======== Material supplied ========

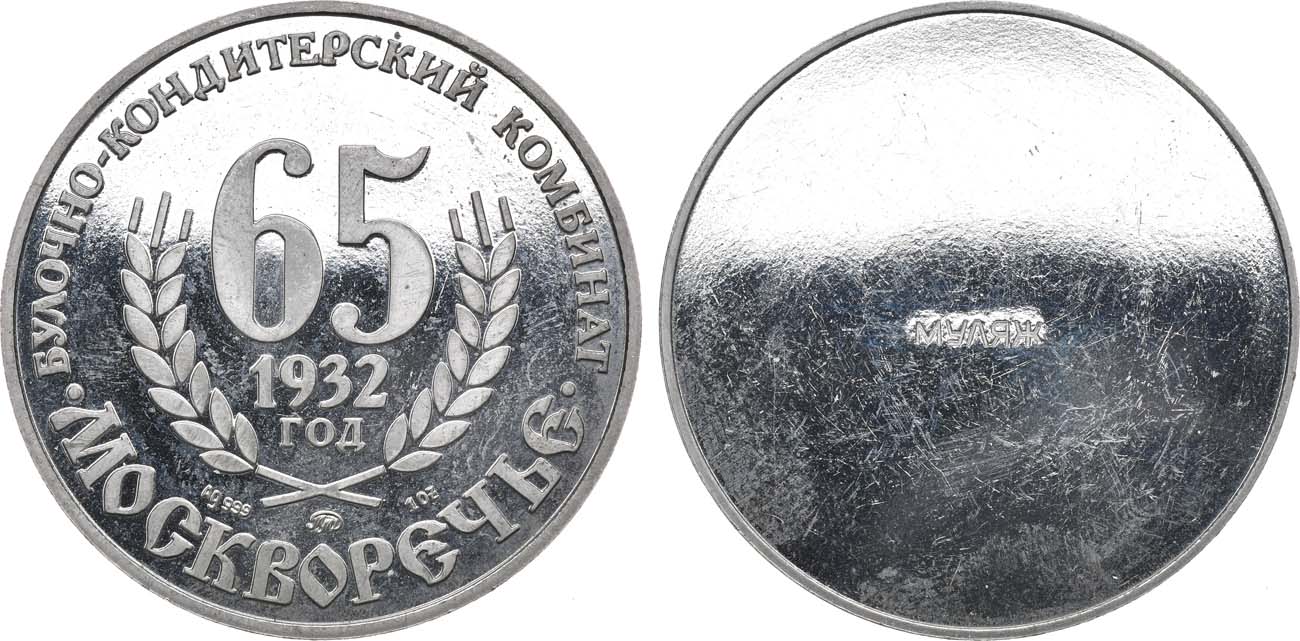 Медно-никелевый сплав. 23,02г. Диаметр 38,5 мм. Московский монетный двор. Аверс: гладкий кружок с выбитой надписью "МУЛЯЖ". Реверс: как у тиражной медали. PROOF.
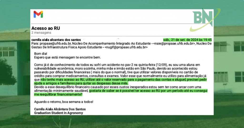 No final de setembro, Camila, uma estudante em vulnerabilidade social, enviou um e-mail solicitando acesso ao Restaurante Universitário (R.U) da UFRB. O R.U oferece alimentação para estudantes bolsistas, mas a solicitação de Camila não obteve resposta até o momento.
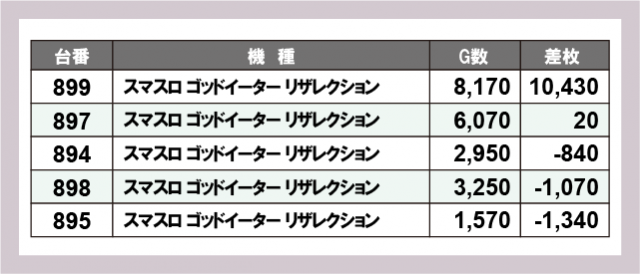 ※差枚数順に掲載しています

========
======== Material supplied ========

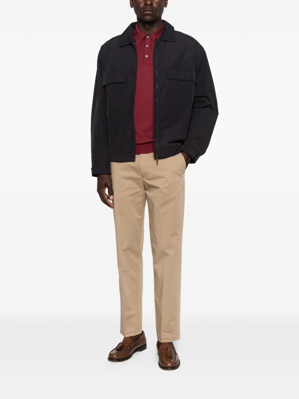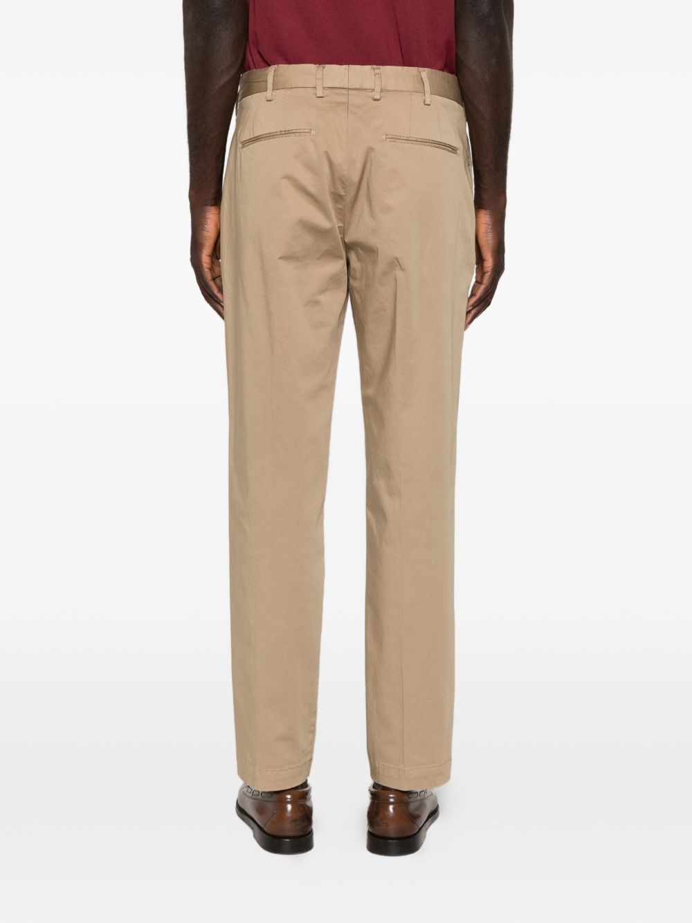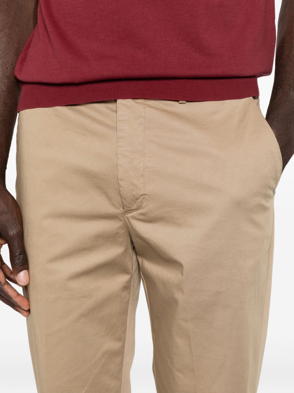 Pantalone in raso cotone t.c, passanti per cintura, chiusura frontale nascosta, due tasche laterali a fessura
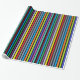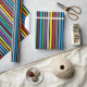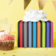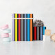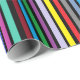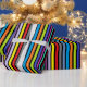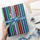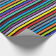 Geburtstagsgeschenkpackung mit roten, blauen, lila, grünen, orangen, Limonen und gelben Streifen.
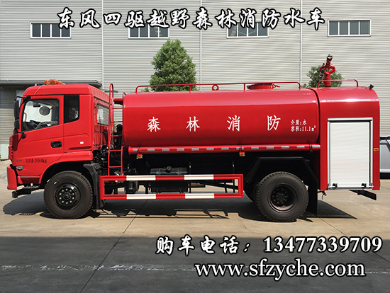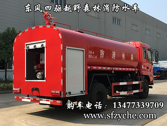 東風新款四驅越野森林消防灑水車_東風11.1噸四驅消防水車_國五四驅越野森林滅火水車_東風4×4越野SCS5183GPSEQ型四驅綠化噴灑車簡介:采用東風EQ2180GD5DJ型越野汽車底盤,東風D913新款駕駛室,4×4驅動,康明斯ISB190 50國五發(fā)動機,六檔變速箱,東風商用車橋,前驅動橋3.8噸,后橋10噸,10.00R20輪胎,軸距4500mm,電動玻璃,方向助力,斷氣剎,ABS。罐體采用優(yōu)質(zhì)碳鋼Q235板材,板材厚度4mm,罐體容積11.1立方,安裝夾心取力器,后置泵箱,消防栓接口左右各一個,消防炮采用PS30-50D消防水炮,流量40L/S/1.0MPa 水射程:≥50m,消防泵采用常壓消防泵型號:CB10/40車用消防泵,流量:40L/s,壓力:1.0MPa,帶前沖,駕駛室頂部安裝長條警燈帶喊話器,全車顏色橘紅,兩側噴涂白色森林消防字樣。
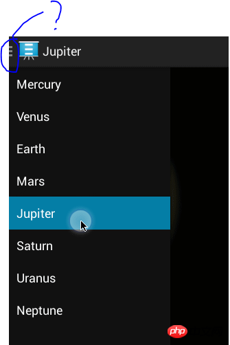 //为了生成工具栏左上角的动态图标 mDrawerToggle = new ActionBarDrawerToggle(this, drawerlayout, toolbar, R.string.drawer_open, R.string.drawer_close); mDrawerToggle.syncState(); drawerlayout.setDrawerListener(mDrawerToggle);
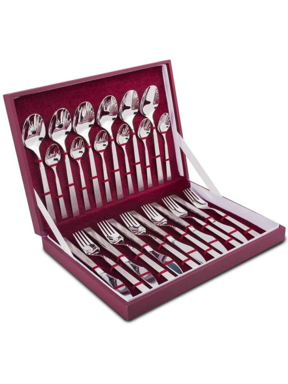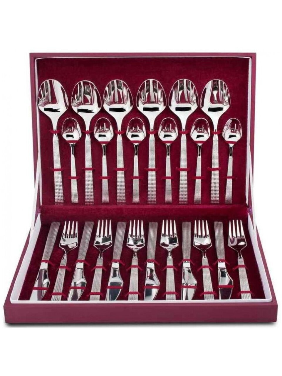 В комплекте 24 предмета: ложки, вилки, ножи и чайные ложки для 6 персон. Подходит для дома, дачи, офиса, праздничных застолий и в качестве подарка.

========
======== Material supplied ========

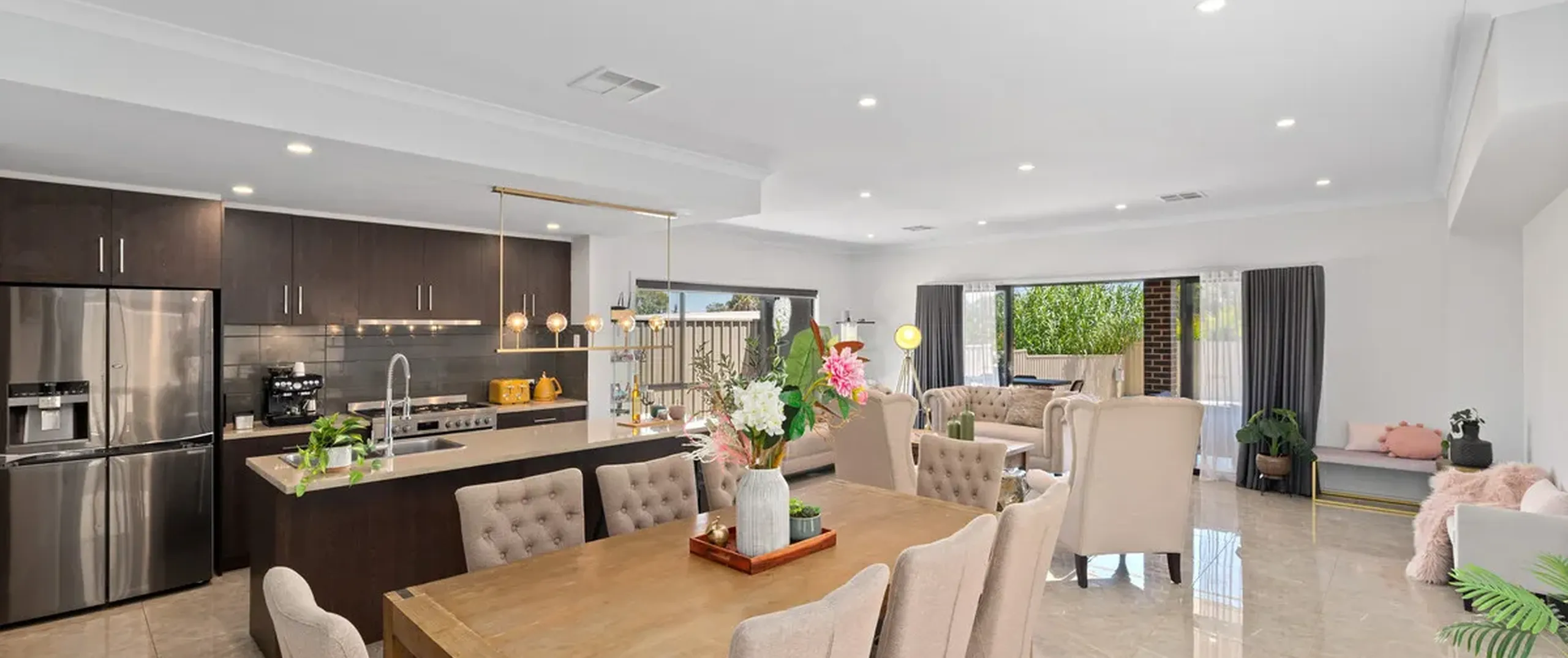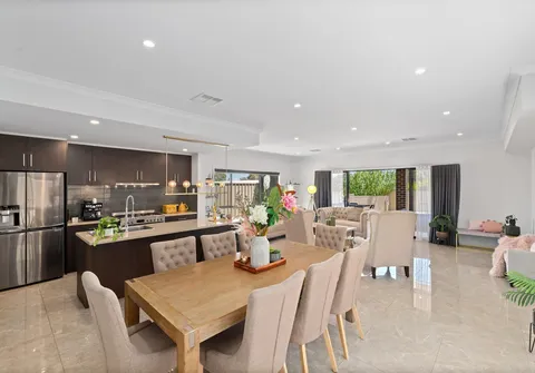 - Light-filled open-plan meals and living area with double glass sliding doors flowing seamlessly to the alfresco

========

### What to work on
Above are records; write out the lines from the one with "mDrawerToggle = new" down to the one with "В комплекте 24", exactly, leaving the pictures out.

### Result
 //为了生成工具栏左上角的动态图标 mDrawerToggle = new ActionBarDrawerToggle(this, drawerlayout, toolbar, R.string.drawer_open, R.string.drawer_close); mDrawerToggle.syncState(); drawerlayout.setDrawerListener(mDrawerToggle);
 В комплекте 24 предмета: ложки, вилки, ножи и чайные ложки для 6 персон. Подходит для дома, дачи, офиса, праздничных застолий и в качестве подарка.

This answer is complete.